• _WHAT NEEDS TO BE DONE_
Copy each entry verbatim, excluding its images.

[Opening SUPPLIED RECORDS section]

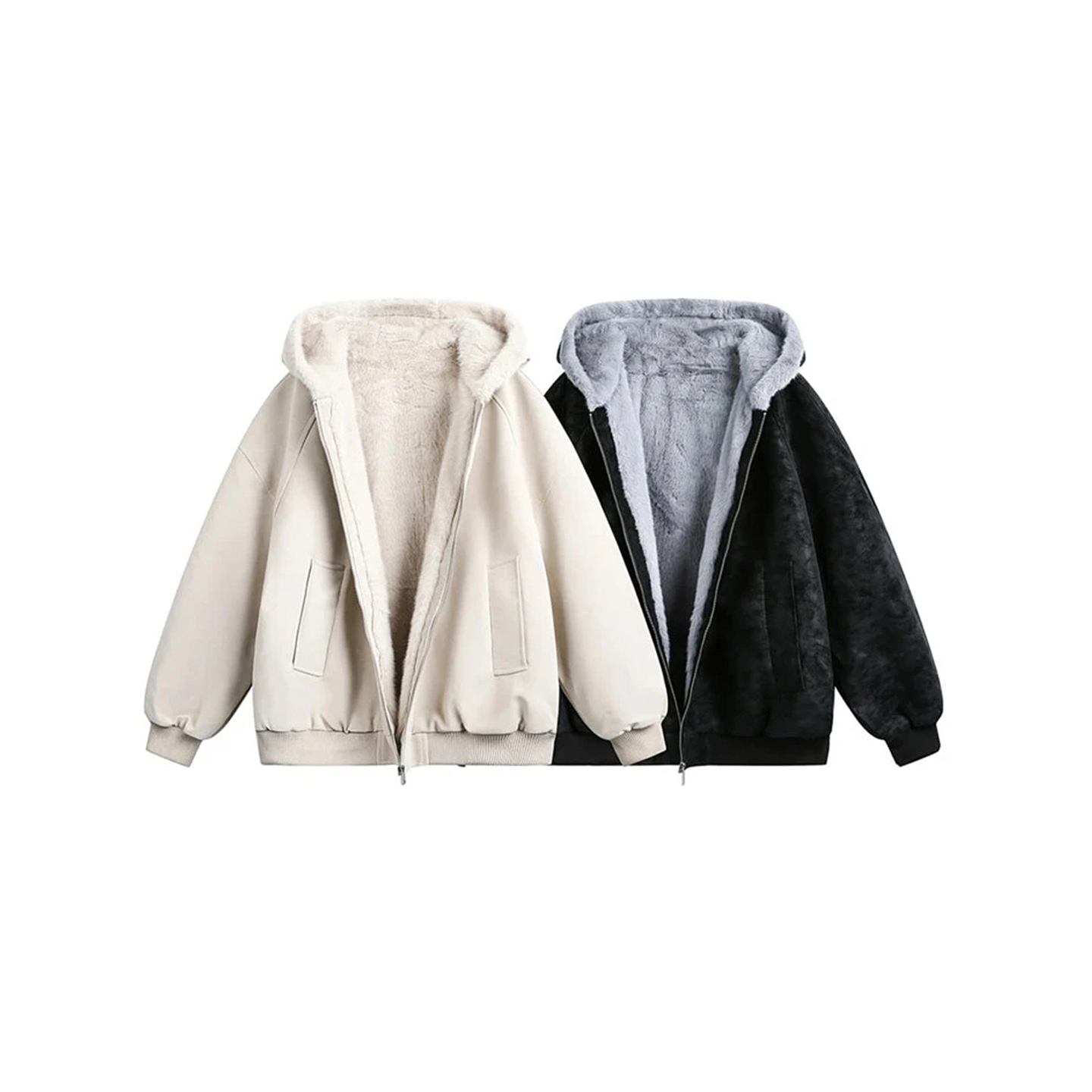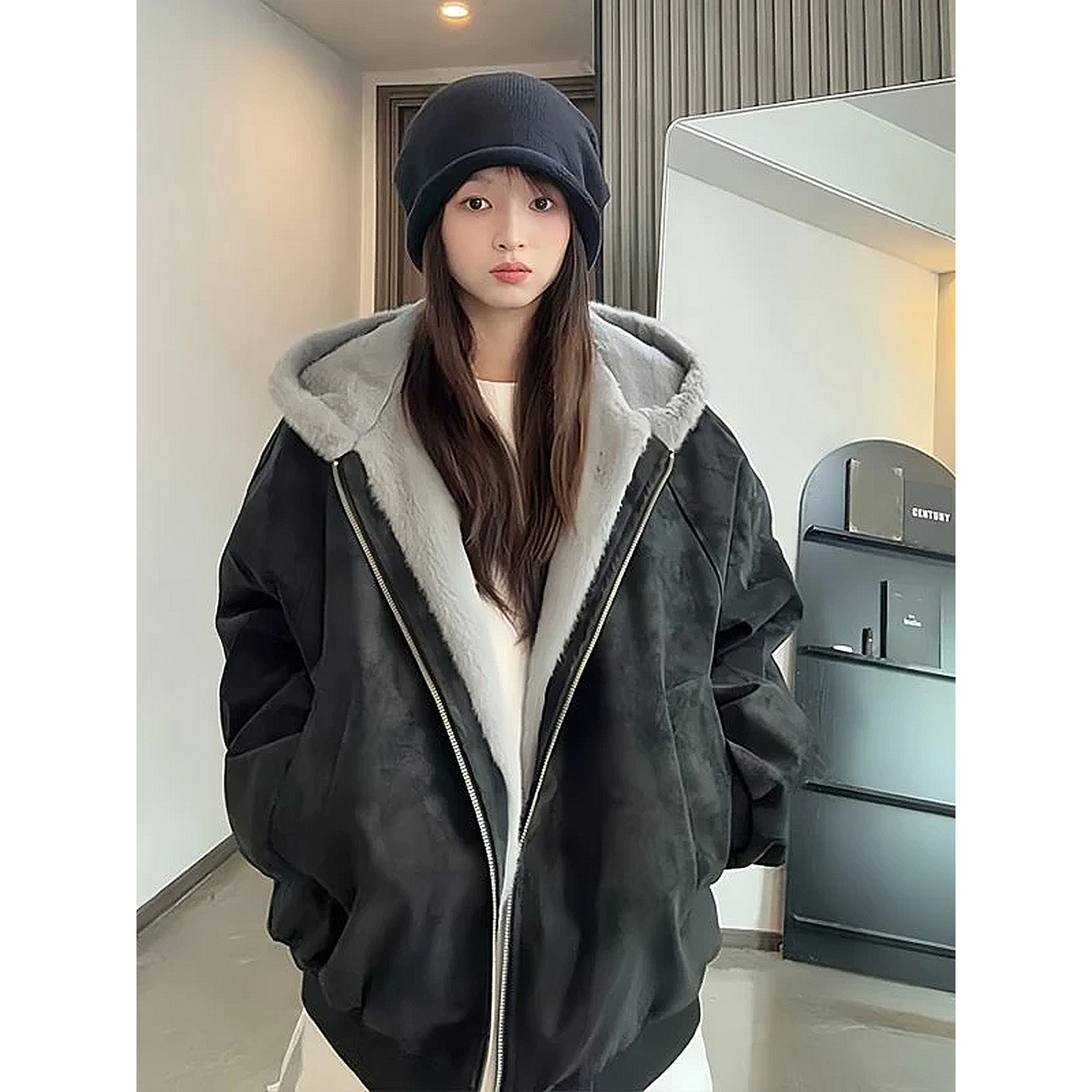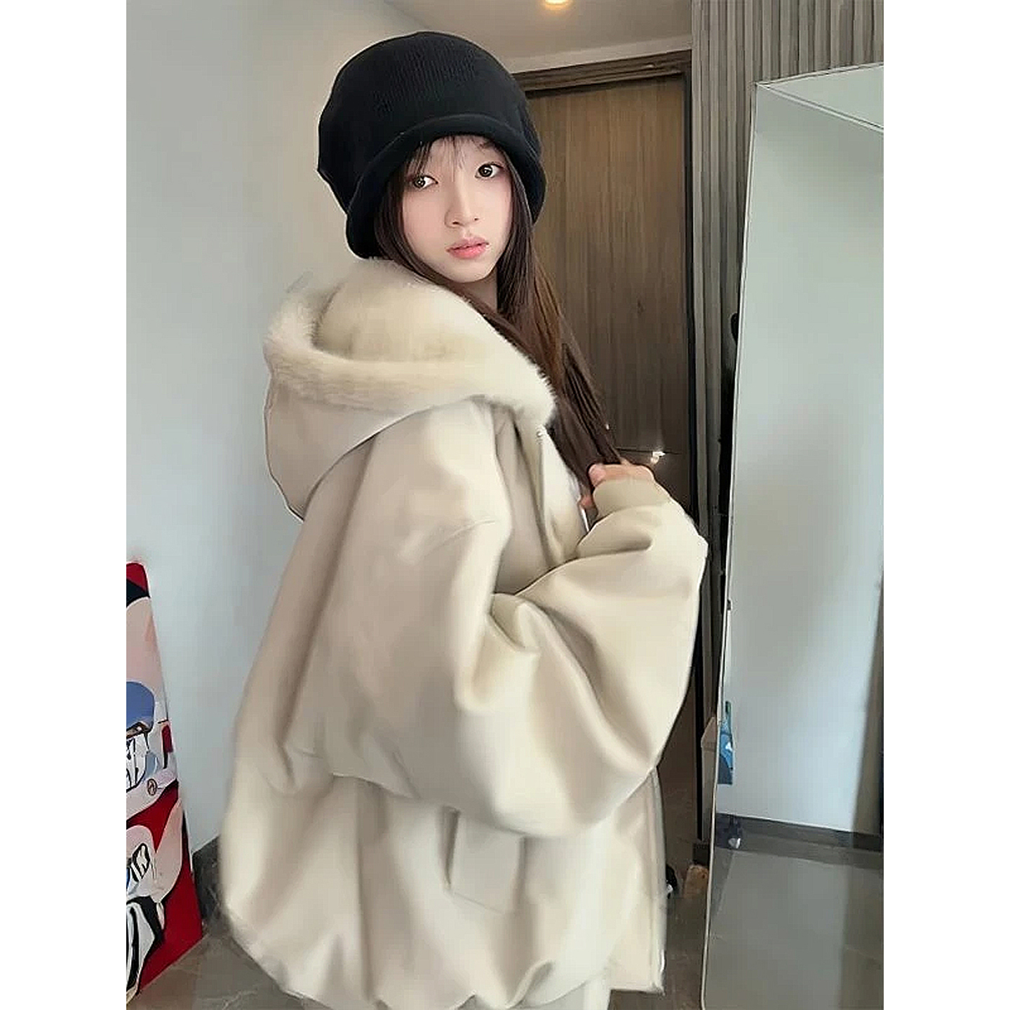 连帽外套 羊羔绒加厚保暖夹克棉衣美式 座山雕PU皮衣棉服男女款 冬季
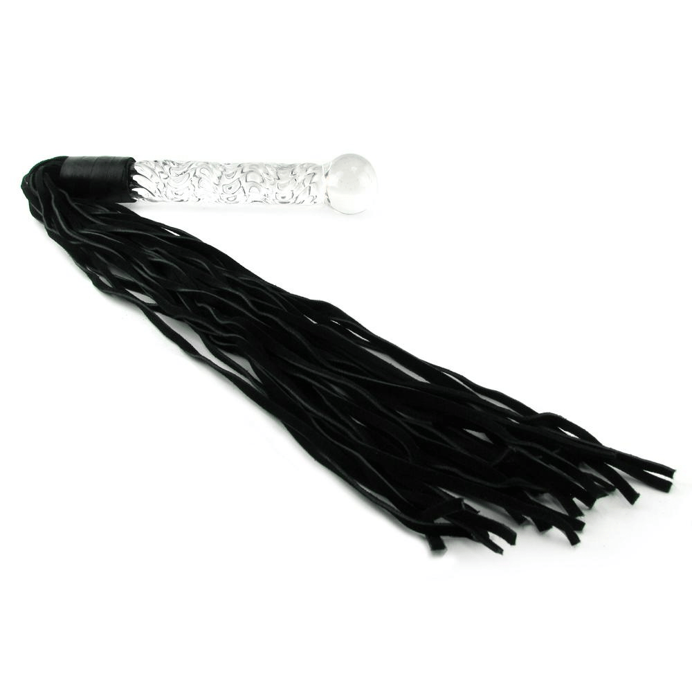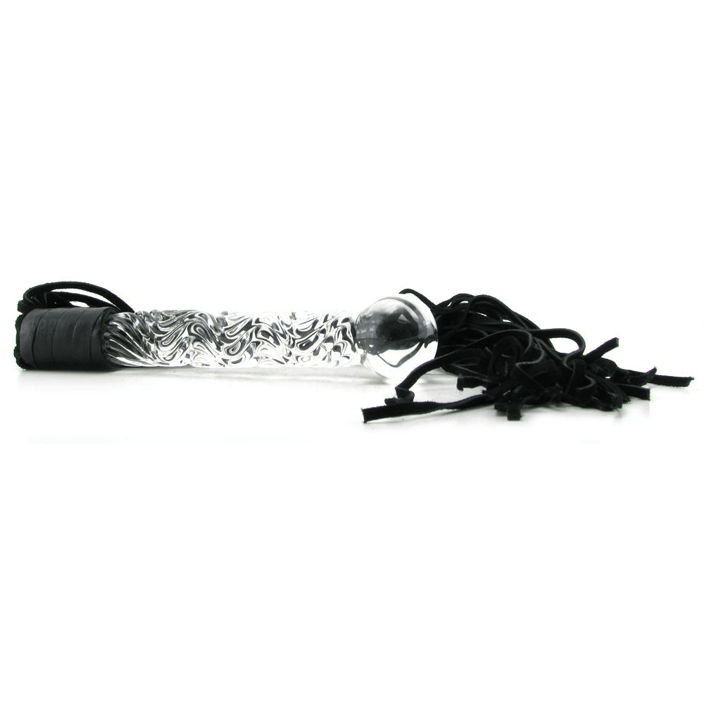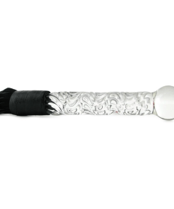 The glass Cat-O-Nine Tails features genuine bull leather tresses that are soft enough for beginner play but heavy enough to deliver a firm whack! The heavy-duty weighted glass handle is hand-blown and doubles as a glass dildo for vaginal or anal play. The beautiful textured swirls provide added stimulation. and the glass handle can be heated or cooled for tempting temperature play.
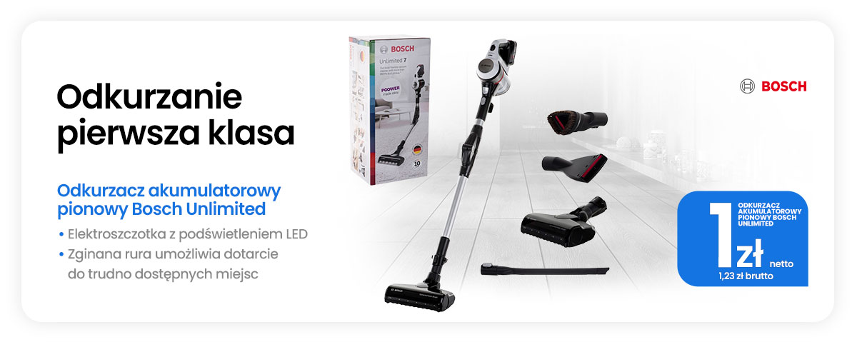 Kup w ramach pojedynczego zamówienia produkty marki EATON na kwotę powyżej 9 999 zł netto, a otrzymasz Odkurzacz akumulatorowy pionowy Bosch Unlimited za 1 zł netto.
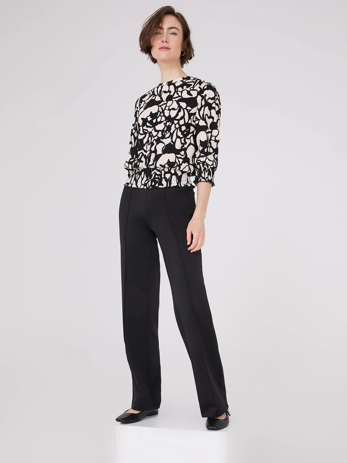 A high-rise waist is accompanied by pintuck details, adding refined charm to these already flattering pants.
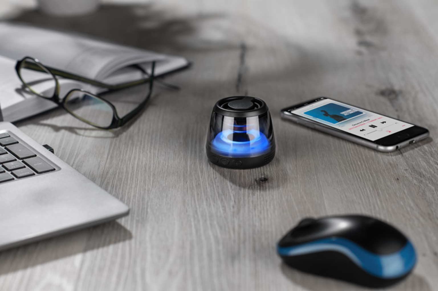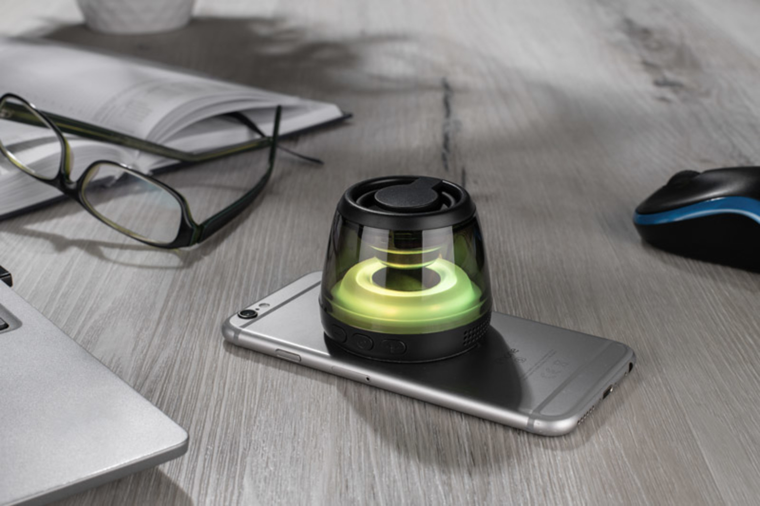 Bezdrátový reproduktor SONIQ je stylové a funkční zařízení, které poskytuje čistý zvuk a atraktivní pulzující podsvícení LED. Díky kapacitě baterie 600 mAh a výkonu 5 W vydrží nepřetržitě přehrávat hudbu až 4 hodiny. Je vybaven magnetickou základnou, takže může sloužit i jako stojánek na telefon. Reproduktor podporuje Bluetooth, karty micro SD a telefonní hovory díky vestavěnému mikrofonu. Nabíjení probíhá přes port USB-C a dosah bezdrátového připojení je až 10 metrů. Ideální pro mobilní a propagační použití.
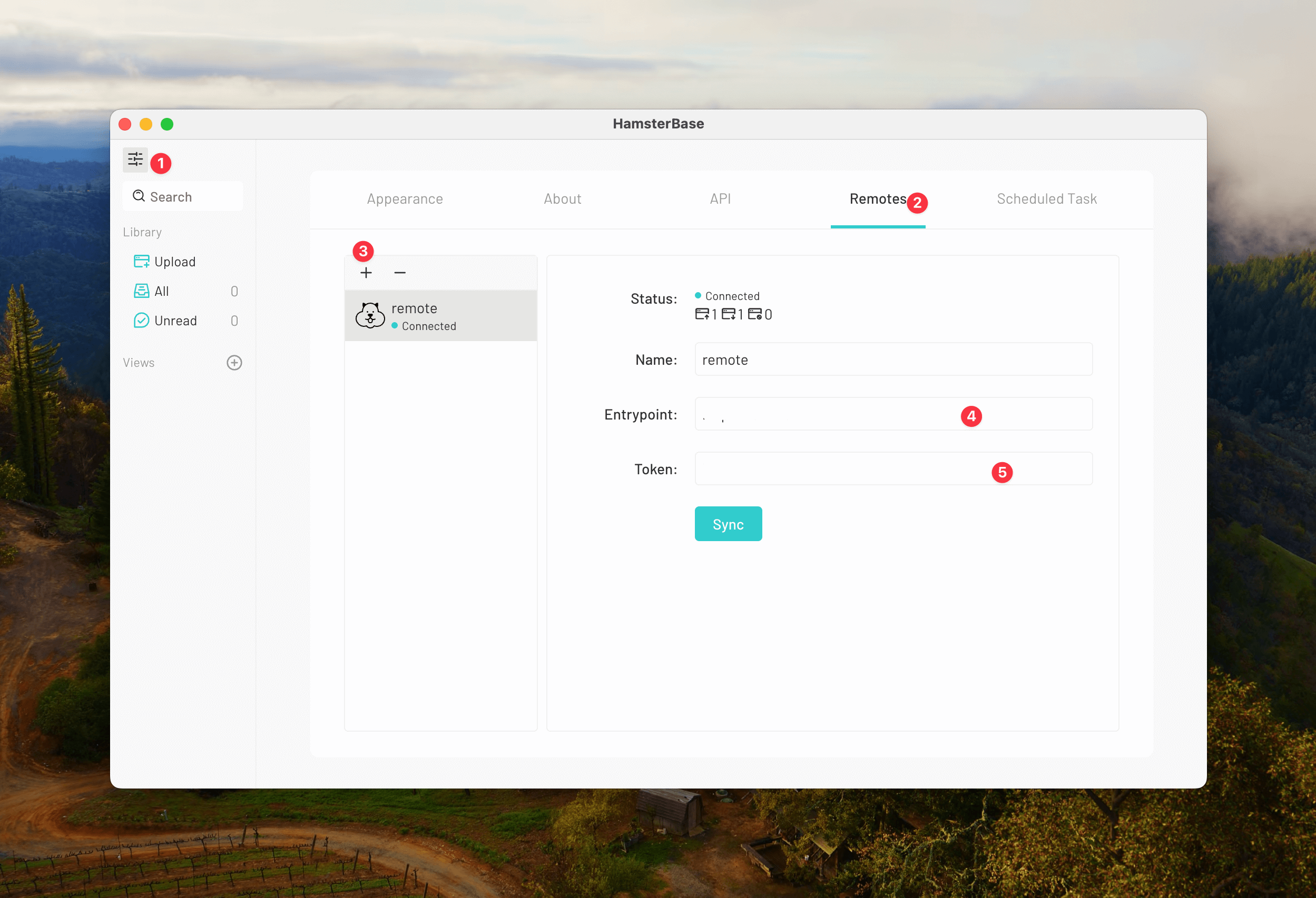 - Enter the Entrypoint and API token in the respective fields (positions 4 and 5 in the image).
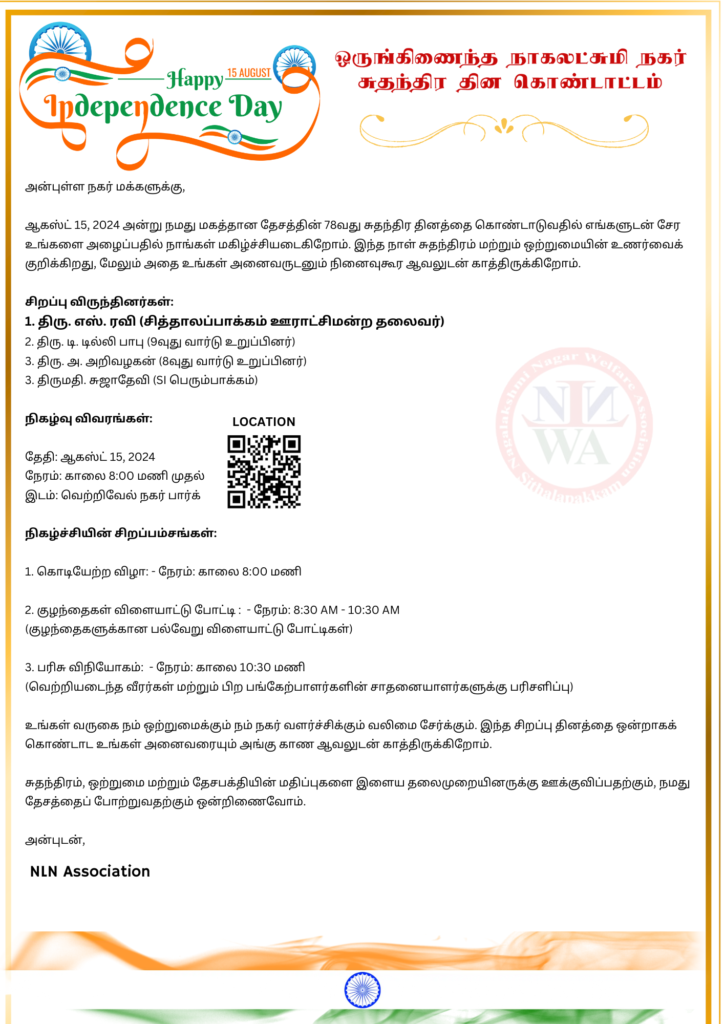 ஆகஸ்ட் 15, 2024 அன்று நமது மகத்தான தேசத்தின் 78வது சுதந்திர தினத்தை கொண்டாடுவதில் எங்களுடன் சேர உங்களை அழைப்பதில் நாங்கள் மகிழ்ச்சியடைகிறோம். இந்த நாள் சுதந்திரம் மற்றும் ஒற்றுமையின் உணர்வைக் குறிக்கிறது, மேலும் அதை உங்கள் அனைவருடனும் நினைவுகூர ஆவலுடன் காத்திருக்கிறோம்.
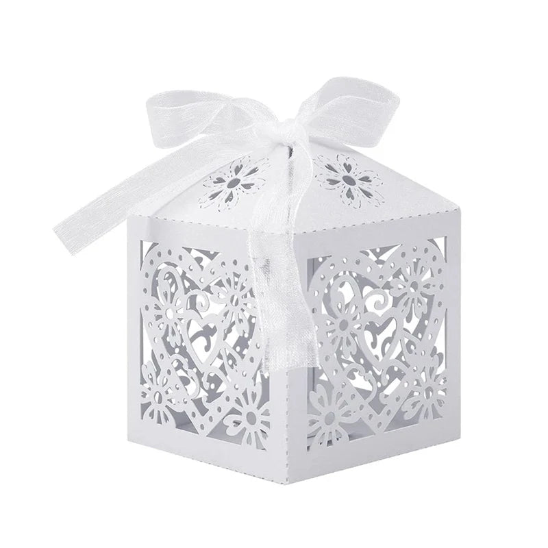 White Love heart candy Gift Box with ribbon 10/50pcs
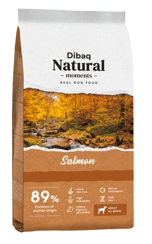 דיבאק סלמון לכלבים בוגרים, Dibaq salmon fish for adult dogs. מזון מלא המתאים במיוחד עבור כלבים מגזעיים בינוניים בעלי רמת פעילות גבוה. דיבק סלמון לכלבים בוגרים מכיל 21% אחוז דג סלמון. בנוסף מזון יבש דיבאק מכיל חומצות שומן אומגה 3 ואומגה 6 לטיפוח השיער והעור ואינולין פרוביוטי שעוזר לאיזון המעיים ורכיבים טבעיים המסייעים לשיפור הבריאות הפיזית של הכלב. משקל אריזה: 15 ק"ג.

[Closing SUPPLIED RECORDS section]

• _RESULT_
 连帽外套 羊羔绒加厚保暖夹克棉衣美式 座山雕PU皮衣棉服男女款 冬季
 The glass Cat-O-Nine Tails features genuine bull leather tresses that are soft enough for beginner play but heavy enough to deliver a firm whack! The heavy-duty weighted glass handle is hand-blown and doubles as a glass dildo for vaginal or anal play. The beautiful textured swirls provide added stimulation. and the glass handle can be heated or cooled for tempting temperature play.
 Kup w ramach pojedynczego zamówienia produkty marki EATON na kwotę powyżej 9 999 zł netto, a otrzymasz Odkurzacz akumulatorowy pionowy Bosch Unlimited za 1 zł netto.
 A high-rise waist is accompanied by pintuck details, adding refined charm to these already flattering pants.
 Bezdrátový reproduktor SONIQ je stylové a funkční zařízení, které poskytuje čistý zvuk a atraktivní pulzující podsvícení LED. Díky kapacitě baterie 600 mAh a výkonu 5 W vydrží nepřetržitě přehrávat hudbu až 4 hodiny. Je vybaven magnetickou základnou, takže může sloužit i jako stojánek na telefon. Reproduktor podporuje Bluetooth, karty micro SD a telefonní hovory díky vestavěnému mikrofonu. Nabíjení probíhá přes port USB-C a dosah bezdrátového připojení je až 10 metrů. Ideální pro mobilní a propagační použití.
 - Enter the Entrypoint and API token in the respective fields (positions 4 and 5 in the image).
 ஆகஸ்ட் 15, 2024 அன்று நமது மகத்தான தேசத்தின் 78வது சுதந்திர தினத்தை கொண்டாடுவதில் எங்களுடன் சேர உங்களை அழைப்பதில் நாங்கள் மகிழ்ச்சியடைகிறோம். இந்த நாள் சுதந்திரம் மற்றும் ஒற்றுமையின் உணர்வைக் குறிக்கிறது, மேலும் அதை உங்கள் அனைவருடனும் நினைவுகூர ஆவலுடன் காத்திருக்கிறோம்.
 White Love heart candy Gift Box with ribbon 10/50pcs
 דיבאק סלמון לכלבים בוגרים, Dibaq salmon fish for adult dogs. מזון מלא המתאים במיוחד עבור כלבים מגזעיים בינוניים בעלי רמת פעילות גבוה. דיבק סלמון לכלבים בוגרים מכיל 21% אחוז דג סלמון. בנוסף מזון יבש דיבאק מכיל חומצות שומן אומגה 3 ואומגה 6 לטיפוח השיער והעור ואינולין פרוביוטי שעוזר לאיזון המעיים ורכיבים טבעיים המסייעים לשיפור הבריאות הפיזית של הכלב. משקל אריזה: 15 ק"ג.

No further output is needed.